> **WHAT THE TASK ASKS**:
Look for the line containing "2.4. Treatment with" and the line containing "Pay airtime, data, electricity, wi-fi, and" in the entries below. Copy those two and all lines between them exactly, leaving out pictures.

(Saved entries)
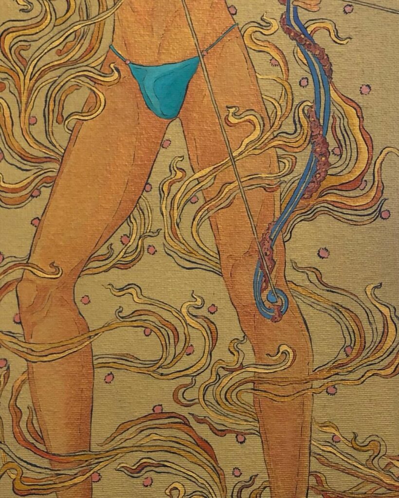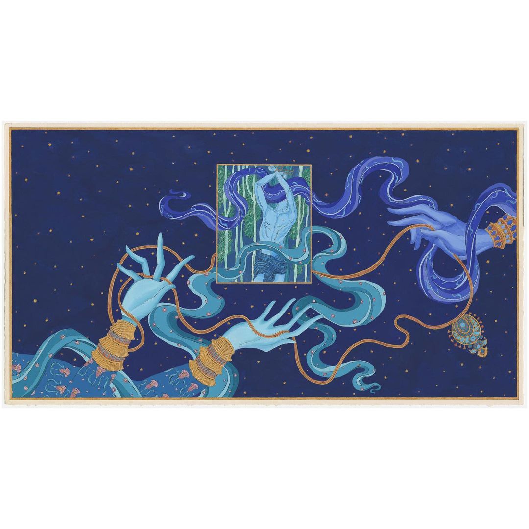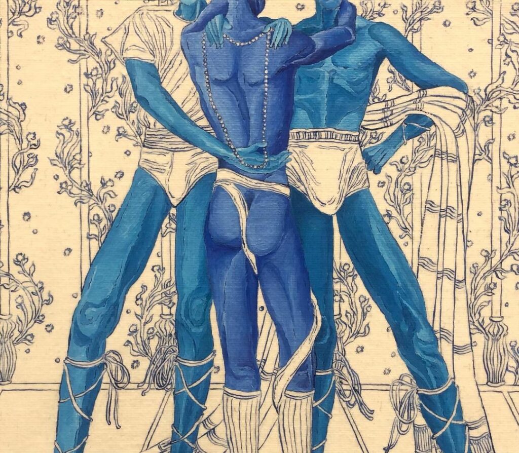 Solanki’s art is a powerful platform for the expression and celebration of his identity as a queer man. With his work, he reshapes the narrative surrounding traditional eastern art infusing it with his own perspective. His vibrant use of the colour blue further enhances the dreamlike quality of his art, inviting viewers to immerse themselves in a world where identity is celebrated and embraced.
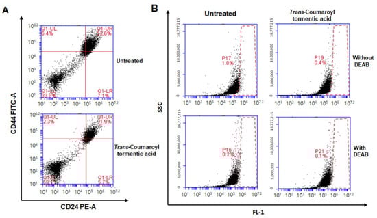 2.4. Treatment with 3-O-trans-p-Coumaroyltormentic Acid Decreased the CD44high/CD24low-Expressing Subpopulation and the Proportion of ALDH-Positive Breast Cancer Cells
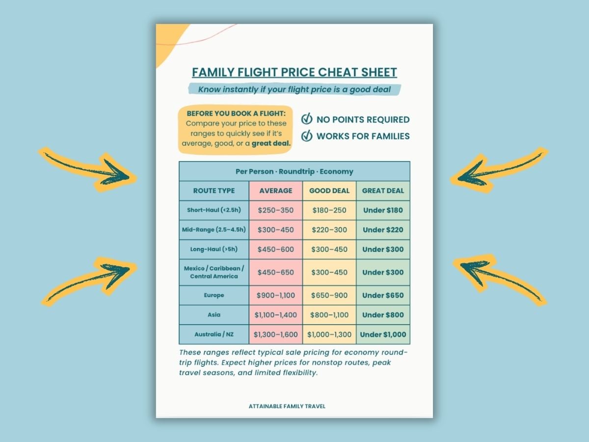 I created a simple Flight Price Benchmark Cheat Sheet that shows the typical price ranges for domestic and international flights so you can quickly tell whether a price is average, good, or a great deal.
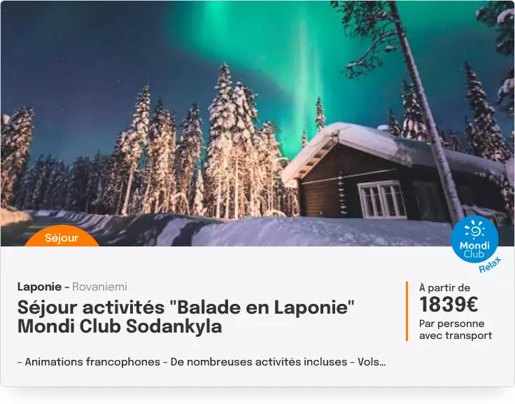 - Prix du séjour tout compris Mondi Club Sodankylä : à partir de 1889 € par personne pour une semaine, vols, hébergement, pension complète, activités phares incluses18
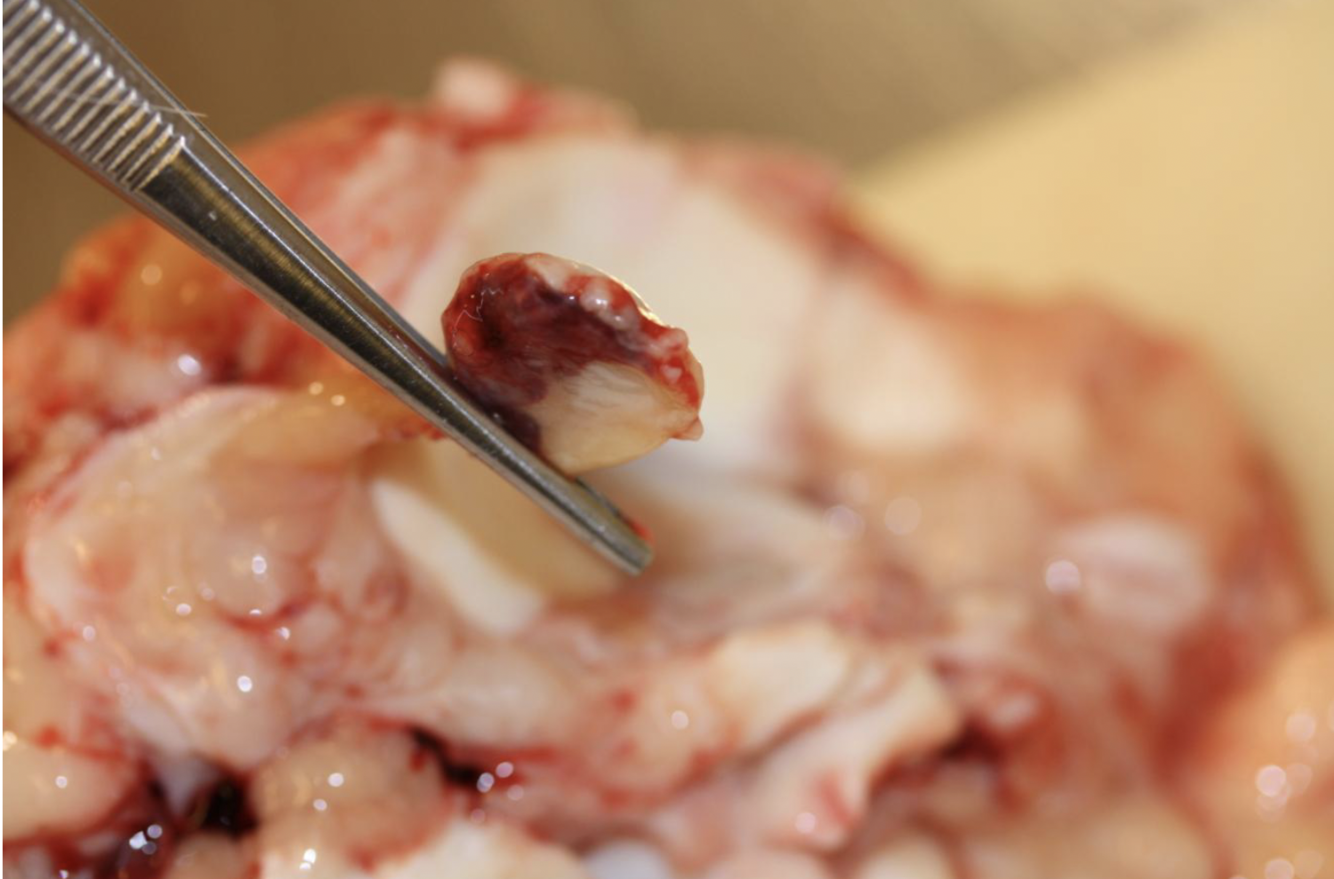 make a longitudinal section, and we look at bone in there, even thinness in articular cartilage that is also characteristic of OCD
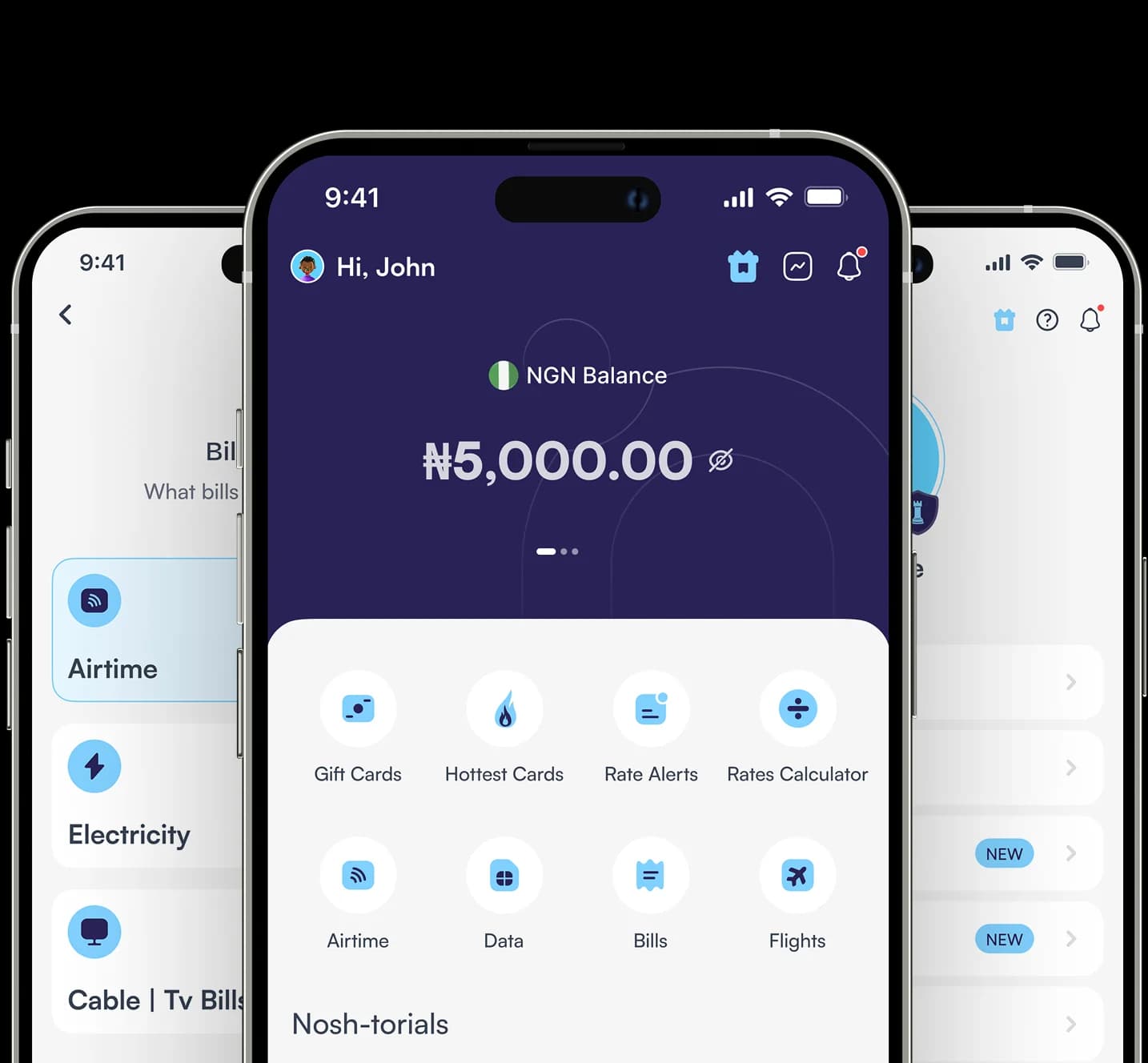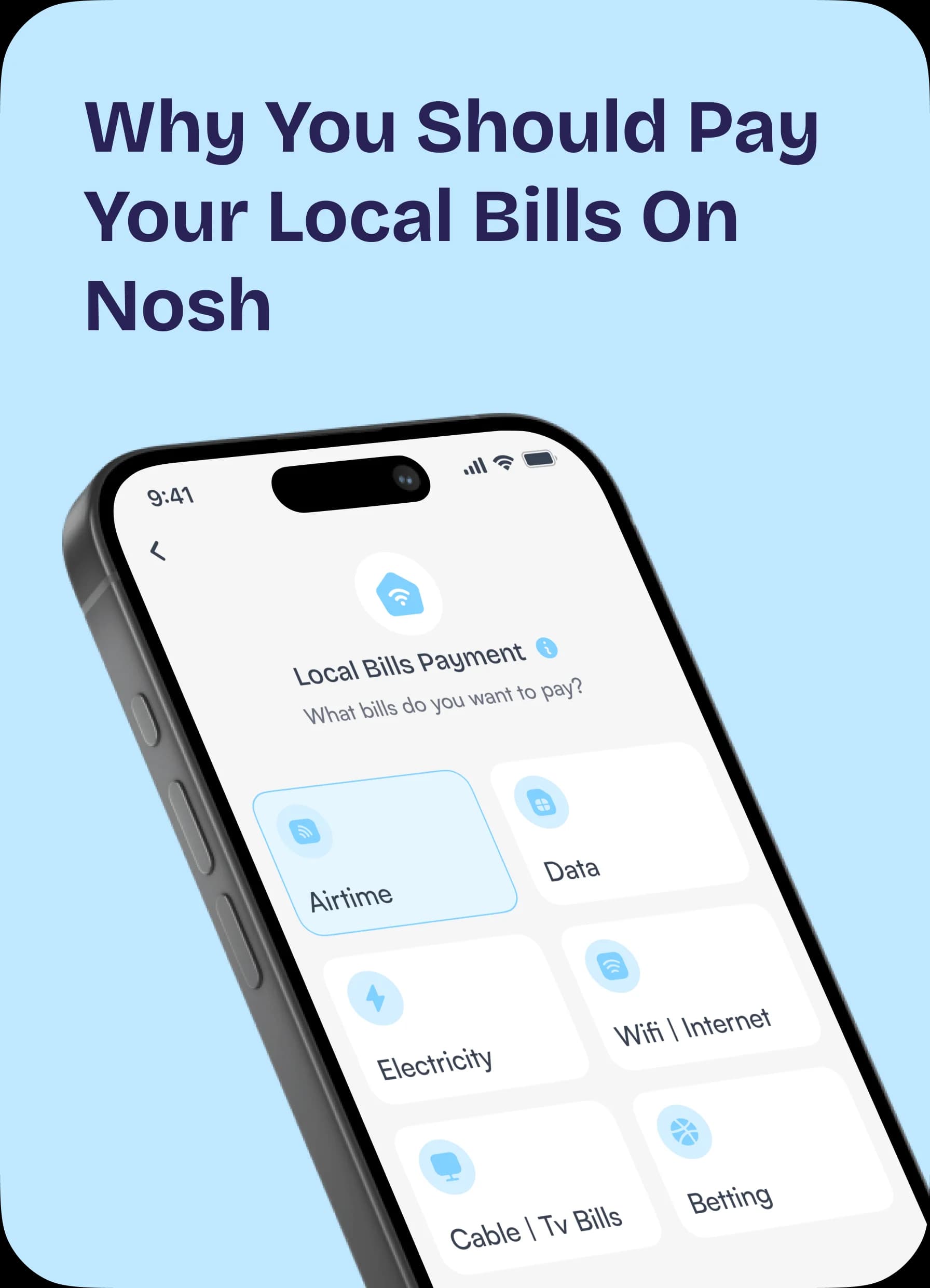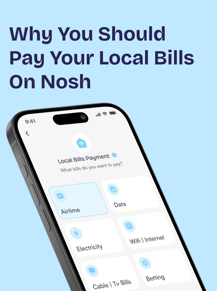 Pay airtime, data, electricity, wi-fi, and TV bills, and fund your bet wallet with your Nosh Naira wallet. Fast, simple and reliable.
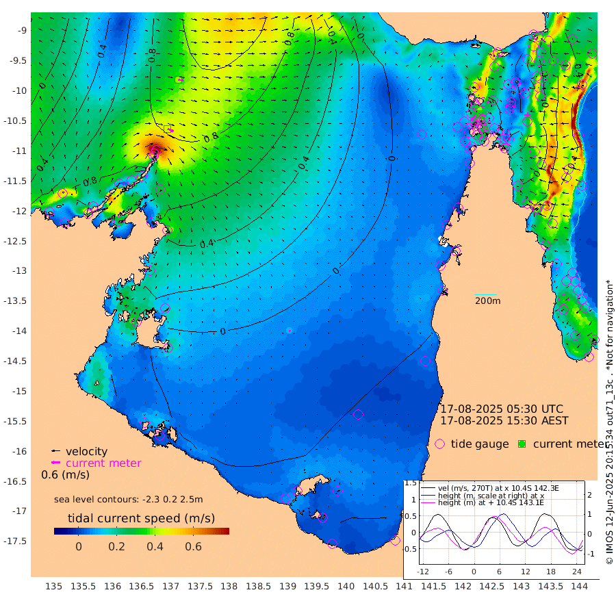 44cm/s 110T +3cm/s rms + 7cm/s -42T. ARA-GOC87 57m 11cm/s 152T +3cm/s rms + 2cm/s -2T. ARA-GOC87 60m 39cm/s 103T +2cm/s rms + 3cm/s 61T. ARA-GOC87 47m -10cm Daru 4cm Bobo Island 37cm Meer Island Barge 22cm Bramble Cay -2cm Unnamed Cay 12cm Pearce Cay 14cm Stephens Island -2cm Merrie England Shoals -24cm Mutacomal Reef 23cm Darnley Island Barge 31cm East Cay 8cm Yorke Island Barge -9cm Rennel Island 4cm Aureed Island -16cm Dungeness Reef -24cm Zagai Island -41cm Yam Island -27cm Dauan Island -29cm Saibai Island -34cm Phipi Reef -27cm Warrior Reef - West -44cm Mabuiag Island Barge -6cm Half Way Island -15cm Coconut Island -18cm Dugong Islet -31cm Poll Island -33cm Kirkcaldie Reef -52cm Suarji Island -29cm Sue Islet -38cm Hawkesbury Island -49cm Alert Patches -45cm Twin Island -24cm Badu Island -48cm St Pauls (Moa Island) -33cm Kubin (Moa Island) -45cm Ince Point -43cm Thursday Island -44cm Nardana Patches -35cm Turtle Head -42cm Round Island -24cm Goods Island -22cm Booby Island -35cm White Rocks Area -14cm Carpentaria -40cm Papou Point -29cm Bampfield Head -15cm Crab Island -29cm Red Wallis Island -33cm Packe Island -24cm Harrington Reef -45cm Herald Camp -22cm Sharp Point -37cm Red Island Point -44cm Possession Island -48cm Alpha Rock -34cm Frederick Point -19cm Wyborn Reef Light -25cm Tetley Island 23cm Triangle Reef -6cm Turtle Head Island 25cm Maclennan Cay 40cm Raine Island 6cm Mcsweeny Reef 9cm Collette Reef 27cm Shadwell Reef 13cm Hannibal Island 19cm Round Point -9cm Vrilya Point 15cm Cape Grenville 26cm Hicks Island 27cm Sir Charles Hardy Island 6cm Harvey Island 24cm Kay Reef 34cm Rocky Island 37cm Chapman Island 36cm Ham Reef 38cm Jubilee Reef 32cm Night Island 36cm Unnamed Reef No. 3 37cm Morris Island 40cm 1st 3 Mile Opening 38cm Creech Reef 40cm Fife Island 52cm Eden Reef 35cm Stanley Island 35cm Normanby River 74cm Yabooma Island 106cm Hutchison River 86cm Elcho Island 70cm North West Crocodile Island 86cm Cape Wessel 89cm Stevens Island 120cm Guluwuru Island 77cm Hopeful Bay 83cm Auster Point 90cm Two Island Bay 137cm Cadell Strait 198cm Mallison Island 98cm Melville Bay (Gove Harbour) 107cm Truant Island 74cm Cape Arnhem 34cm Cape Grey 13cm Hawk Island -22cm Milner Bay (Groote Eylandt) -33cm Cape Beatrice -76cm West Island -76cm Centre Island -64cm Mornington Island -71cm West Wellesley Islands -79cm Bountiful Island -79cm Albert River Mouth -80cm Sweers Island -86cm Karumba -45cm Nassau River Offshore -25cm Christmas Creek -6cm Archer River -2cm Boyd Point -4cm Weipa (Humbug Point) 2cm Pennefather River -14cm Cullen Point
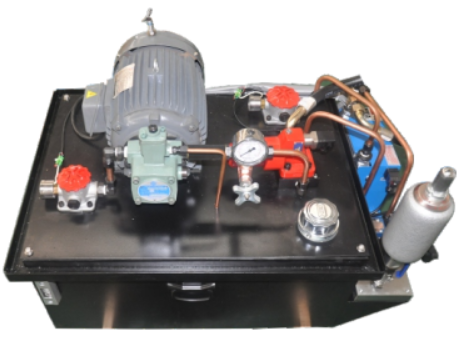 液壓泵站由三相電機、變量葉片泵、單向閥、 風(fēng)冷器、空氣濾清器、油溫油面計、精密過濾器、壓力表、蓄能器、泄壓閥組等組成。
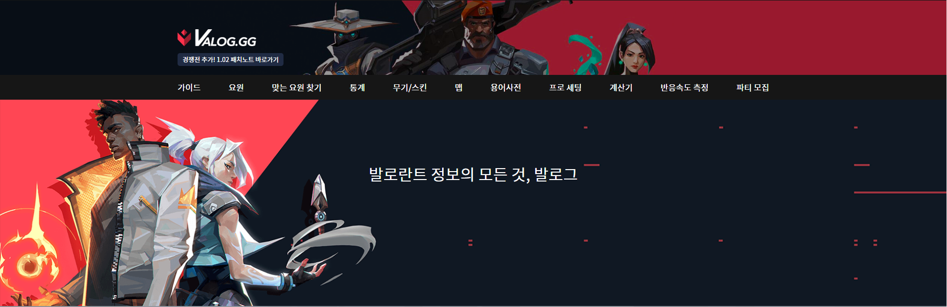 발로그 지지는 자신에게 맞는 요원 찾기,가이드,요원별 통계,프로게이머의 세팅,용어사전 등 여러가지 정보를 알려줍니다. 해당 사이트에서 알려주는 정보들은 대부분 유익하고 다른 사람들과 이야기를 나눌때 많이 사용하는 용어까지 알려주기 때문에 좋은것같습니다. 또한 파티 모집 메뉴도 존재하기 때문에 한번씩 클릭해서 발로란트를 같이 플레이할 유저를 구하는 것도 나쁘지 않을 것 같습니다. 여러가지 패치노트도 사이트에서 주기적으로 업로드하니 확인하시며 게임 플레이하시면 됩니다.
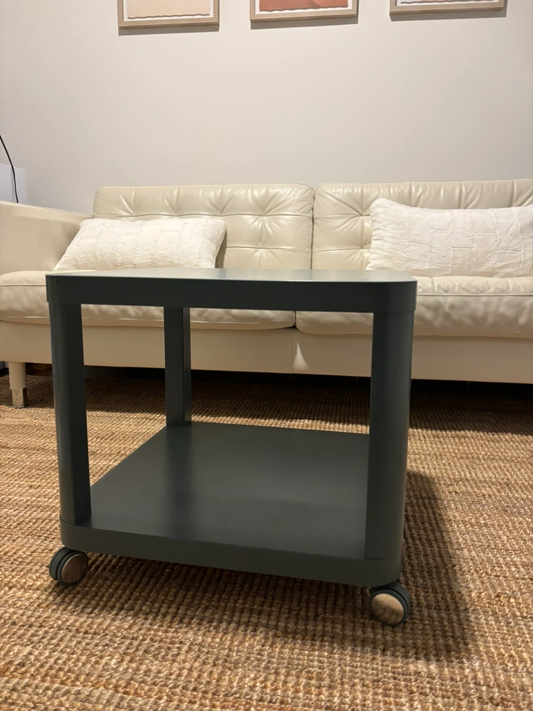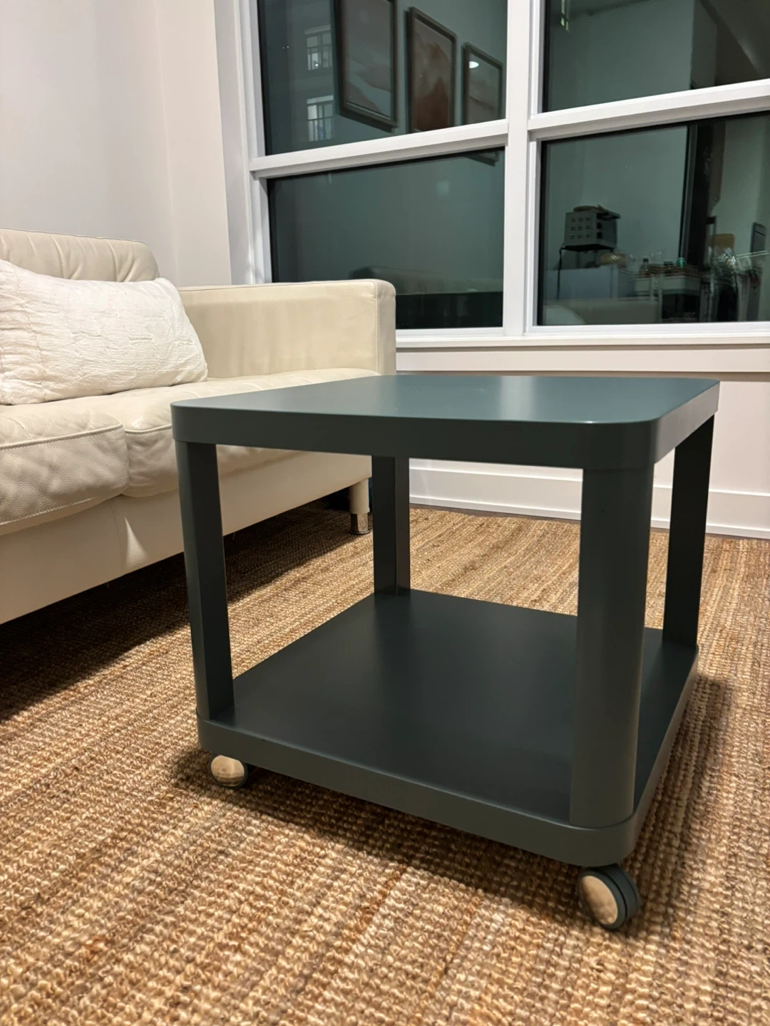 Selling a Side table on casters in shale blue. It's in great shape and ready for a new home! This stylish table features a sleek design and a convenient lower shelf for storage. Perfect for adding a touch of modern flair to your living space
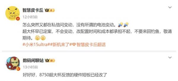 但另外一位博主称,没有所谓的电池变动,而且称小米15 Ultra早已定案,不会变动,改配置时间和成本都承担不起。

> **RESULT FOR THIS TASK**:
 2.4. Treatment with 3-O-trans-p-Coumaroyltormentic Acid Decreased the CD44high/CD24low-Expressing Subpopulation and the Proportion of ALDH-Positive Breast Cancer Cells
 I created a simple Flight Price Benchmark Cheat Sheet that shows the typical price ranges for domestic and international flights so you can quickly tell whether a price is average, good, or a great deal.
 - Prix du séjour tout compris Mondi Club Sodankylä : à partir de 1889 € par personne pour une semaine, vols, hébergement, pension complète, activités phares incluses18
 make a longitudinal section, and we look at bone in there, even thinness in articular cartilage that is also characteristic of OCD
 Pay airtime, data, electricity, wi-fi, and TV bills, and fund your bet wallet with your Nosh Naira wallet. Fast, simple and reliable.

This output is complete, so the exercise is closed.